Line 448: According to which criteria the linear model was the best fit? It is not clear from Figure 4 (also Figure A1)

Line 455: Not sure about that. The ρt and ρs validation results are comparable, especially for MCI

Table 4: The derived validation metric values are quite high, i.e., the modeled Chl-a is 2x the in situ Chl-a on average based on the MAE and MAPE values. Consider using the respective median metrics, which are not influenced by high differences if the latter are few. 

Line 508: As mentioned before, consider removing extreme values before applying RMA regression, which is sensitive to the presence of outliers

Line 513: From Figure A1d, it seems that the problem is some quite high values of NDCI. This means that either the nominator is quite large (atmospheric correction not effectively removed using those bands) or the denominator is quite small. What are the typical values of Rrs and what are the values related to those extreme cases of NDCI?

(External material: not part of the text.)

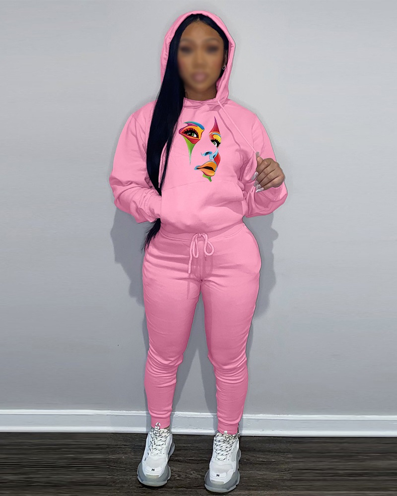 Style:Casual,Sporty Type:Sweatpants Sets,Sweatshirt Sets Material:Polyester Neckline:Hooded Sleeve Style:Long Sleeve Length:Long Pattern Type:Abstract,Figure Decoration:Drawstring,Pocket Fit Type:Regular Occasion:Daily Package Include:1*Pants Set

Line 594: If I am not mistaken, this would lead to Chl-a underestimation, which is not the case here.

Line 718: The selection of the colormap may be misleading. Red is usually used for higher values and blue for the lower

Author Response

Thank you for your review. Please see the attachment.

Author Response File: Author Response.pdf

Reviewer 3 Report

Comments and Suggestions for Authors Although the manuscript is not innovative, it has certain application value. From the experimental results, it still needs a great improvement.There some comments that I hope will help you improving this manuscript.

(1)    In Introduction, the authors have reviewed what is comprehensive enough. I suggest the author to highlight the current problems of this topic and the contribution of the author's research.

(2)    Line 61, “This is information is often provided ….” this sentence needs to be revised.

(3)    In in situ data section, the in situ data is very important for the training of the model. It is suggested that the author should strengthen the description of the quantity and rationality of the in situ data.

(4)    In algorithms section, the authors reviewed the MCI model. Here suggested that the authors clarify their application or improvement of the model.

(5)    From Figure 5 a and c, there is no consistency between in situ values and derived values, and this result is worrying. What is the reason? Can it be improved?

(6) From the Introduction section (“At high concentrations, chl a displays a distinct reflectance peak in the red edge spectral range near 700 nm”) and the Trophic state section (“Though both are measuring the reflectance peak at 705 nm, the maxi mum reflectance of the chl a spectral signal tends to be at shorter wavelengths, particularly at low concentrations”), Is there really a peak drift between different concentrations? What is the boundary between high and low concentrations, and what is the drift of spectral peaks corresponding to different concentrations?

Author Response

Thank you for your review. Please see the attachment.

Author Response File: Author Response.pdf

Round 2

Reviewer 2 Report

Comments and Suggestions for Authors

The comments have been addressed one by one in detail.